* Records for processing
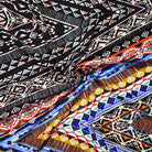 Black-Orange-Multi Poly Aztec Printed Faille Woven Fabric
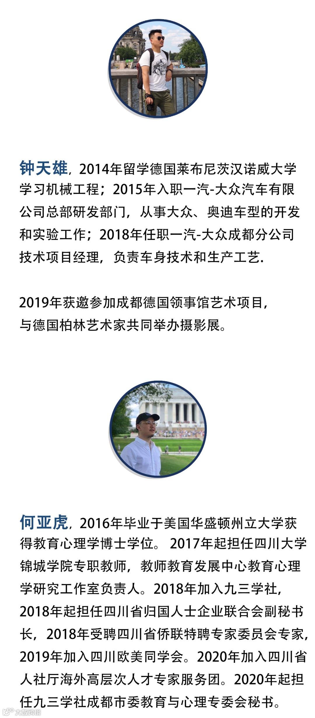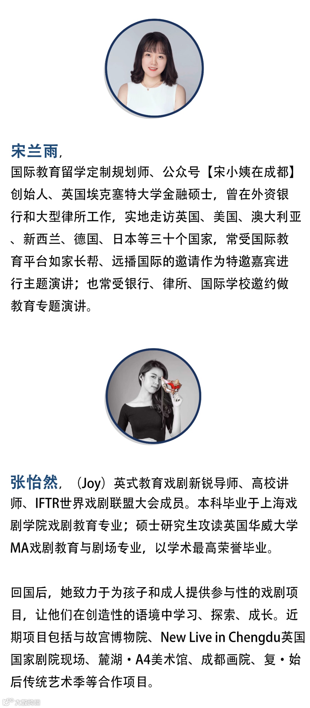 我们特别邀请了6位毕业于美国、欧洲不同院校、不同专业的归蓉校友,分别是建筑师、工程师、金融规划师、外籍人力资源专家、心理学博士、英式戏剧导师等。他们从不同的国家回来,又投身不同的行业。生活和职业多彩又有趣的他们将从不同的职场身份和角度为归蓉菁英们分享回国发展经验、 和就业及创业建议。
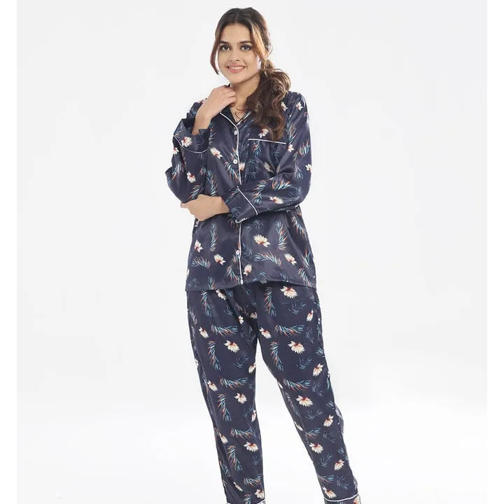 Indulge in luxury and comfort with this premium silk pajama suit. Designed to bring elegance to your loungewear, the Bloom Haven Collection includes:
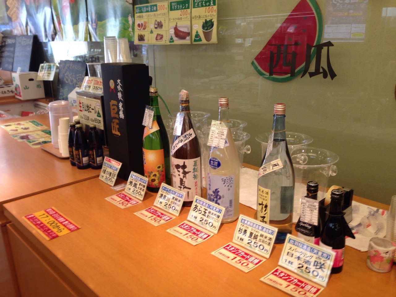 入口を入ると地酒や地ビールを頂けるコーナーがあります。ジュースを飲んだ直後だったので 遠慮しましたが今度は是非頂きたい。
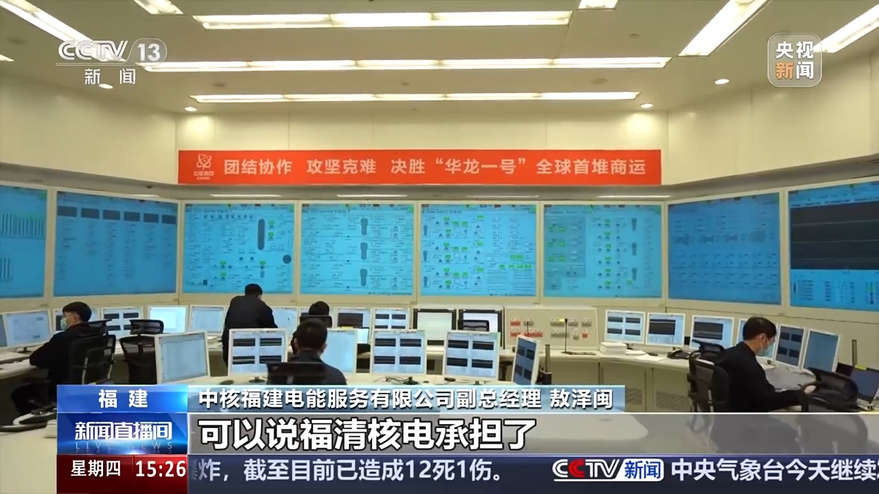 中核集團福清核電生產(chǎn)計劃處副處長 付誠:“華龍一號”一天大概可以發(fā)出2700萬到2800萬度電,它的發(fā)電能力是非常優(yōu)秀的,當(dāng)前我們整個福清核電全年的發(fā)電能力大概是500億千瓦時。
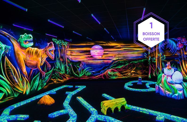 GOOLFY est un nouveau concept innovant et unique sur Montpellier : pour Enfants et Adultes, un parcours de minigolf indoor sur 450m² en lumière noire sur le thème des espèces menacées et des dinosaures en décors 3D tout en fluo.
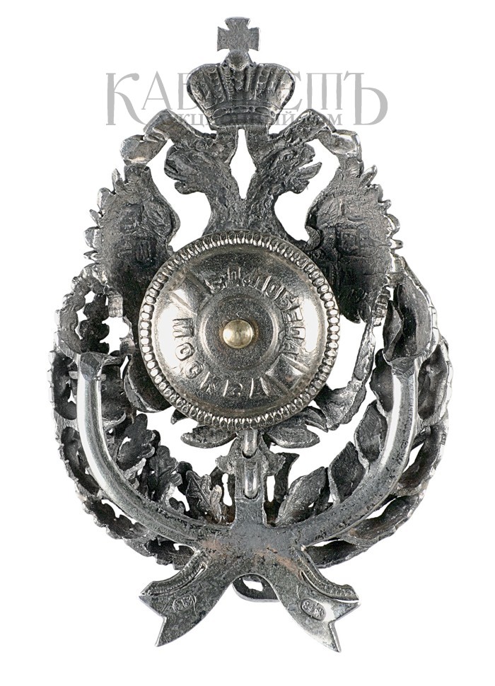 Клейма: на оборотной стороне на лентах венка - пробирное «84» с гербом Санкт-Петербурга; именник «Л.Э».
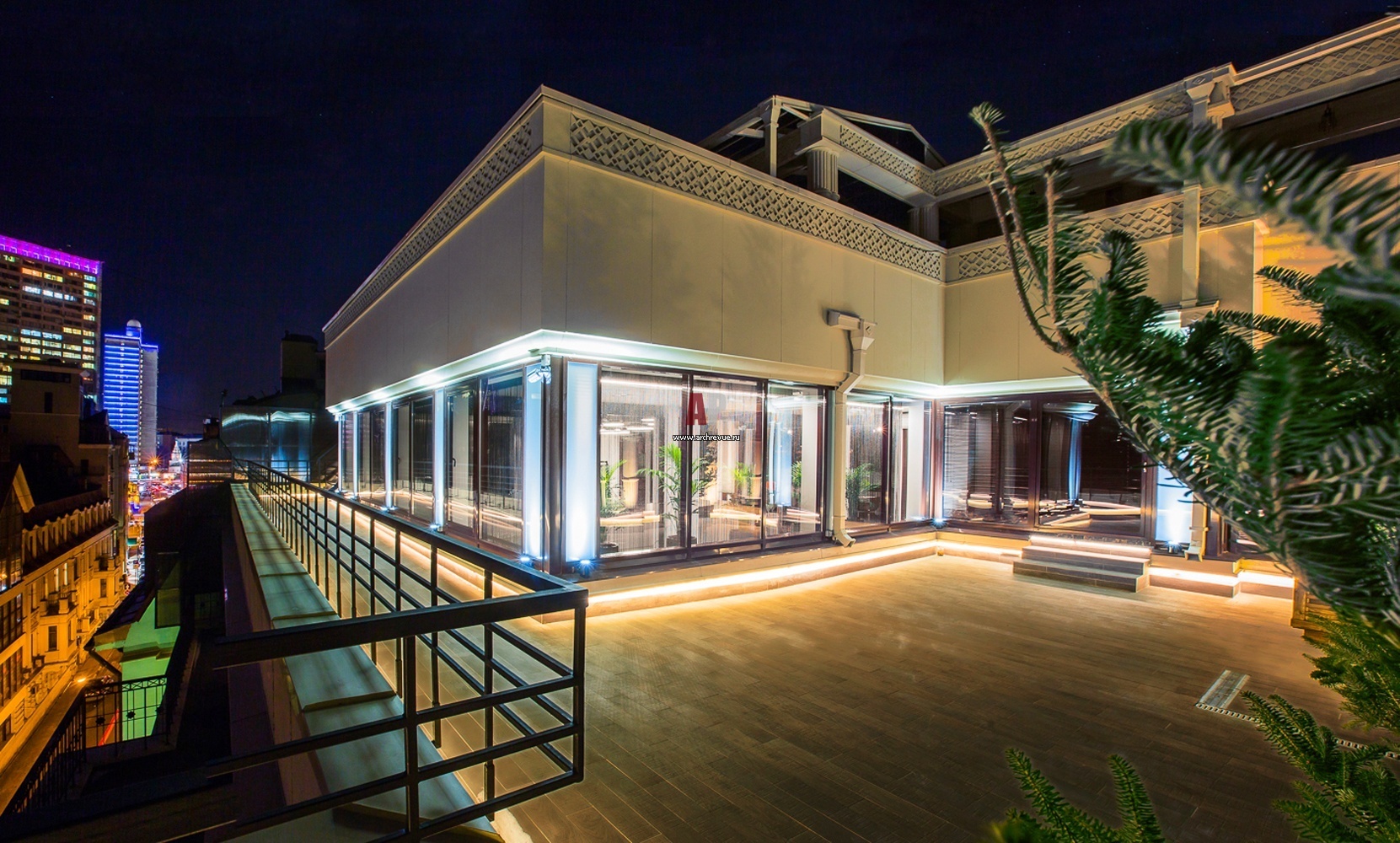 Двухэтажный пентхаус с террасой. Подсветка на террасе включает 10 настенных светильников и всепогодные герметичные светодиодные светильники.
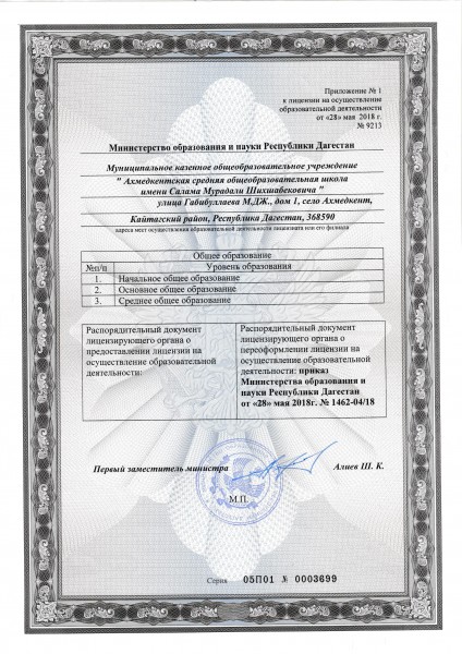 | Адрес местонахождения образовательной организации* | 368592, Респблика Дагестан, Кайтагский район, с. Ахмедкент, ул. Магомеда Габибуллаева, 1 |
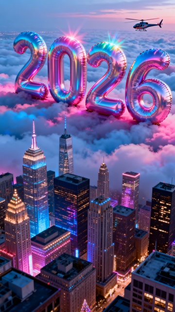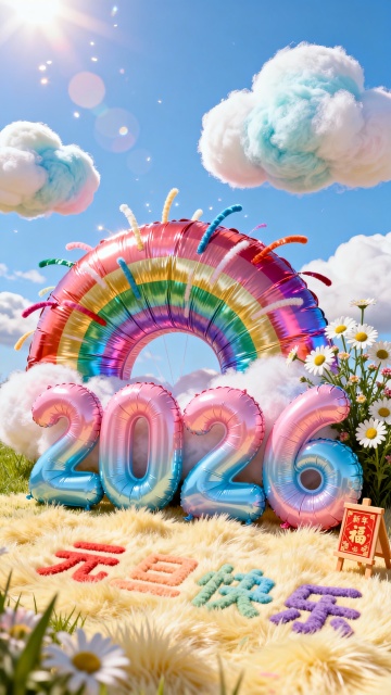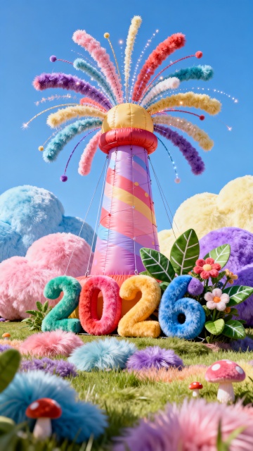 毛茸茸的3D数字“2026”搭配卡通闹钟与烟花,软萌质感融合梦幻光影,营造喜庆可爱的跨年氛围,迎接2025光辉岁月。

* * *

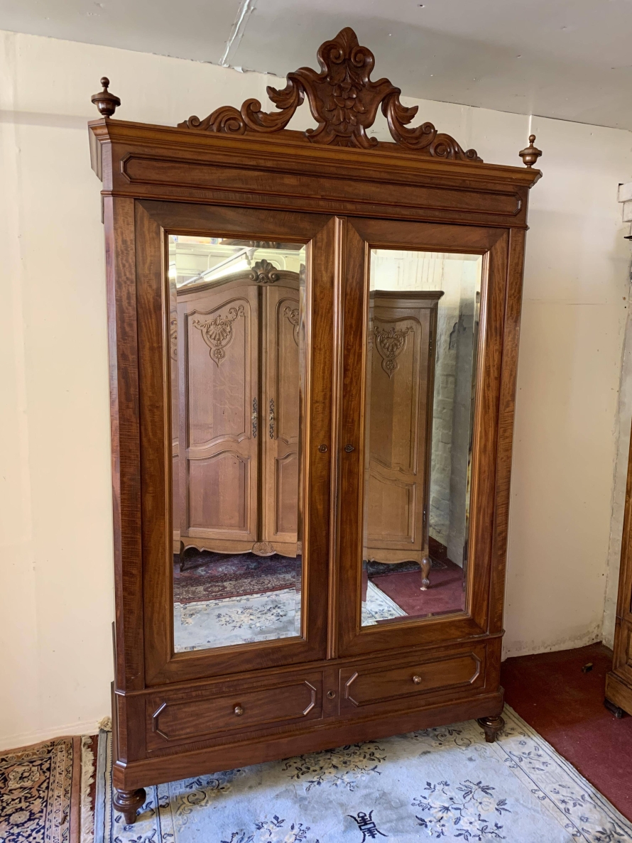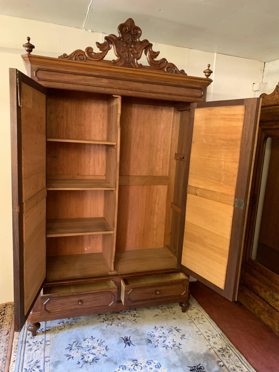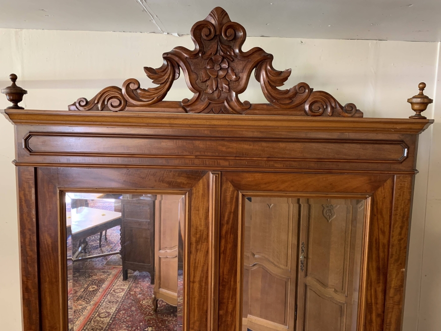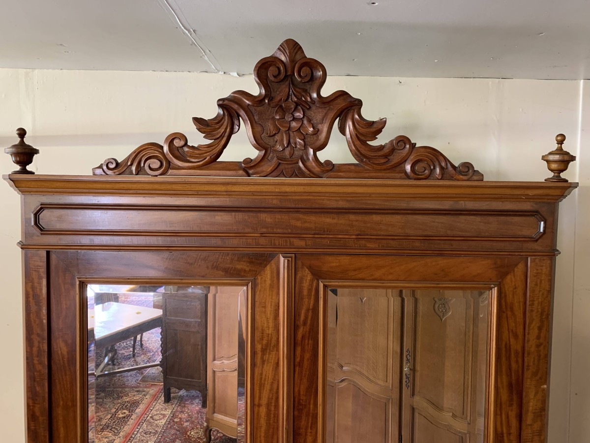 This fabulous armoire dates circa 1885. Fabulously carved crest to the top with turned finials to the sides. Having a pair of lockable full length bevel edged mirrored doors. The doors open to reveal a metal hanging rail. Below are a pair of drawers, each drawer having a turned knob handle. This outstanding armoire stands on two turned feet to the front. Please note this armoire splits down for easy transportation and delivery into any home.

* Brief
Take the entries above and copy exactly the lines starting at the one with "入口を入ると地酒や地ビールを" and ending at the one with "Клейма: на оборотной"; nothing outside that span, and no pictures.

* Problem solution
 入口を入ると地酒や地ビールを頂けるコーナーがあります。ジュースを飲んだ直後だったので 遠慮しましたが今度は是非頂きたい。
 中核集團福清核電生產(chǎn)計劃處副處長 付誠:“華龍一號”一天大概可以發(fā)出2700萬到2800萬度電,它的發(fā)電能力是非常優(yōu)秀的,當(dāng)前我們整個福清核電全年的發(fā)電能力大概是500億千瓦時。
 GOOLFY est un nouveau concept innovant et unique sur Montpellier : pour Enfants et Adultes, un parcours de minigolf indoor sur 450m² en lumière noire sur le thème des espèces menacées et des dinosaures en décors 3D tout en fluo.
 Клейма: на оборотной стороне на лентах венка - пробирное «84» с гербом Санкт-Петербурга; именник «Л.Э».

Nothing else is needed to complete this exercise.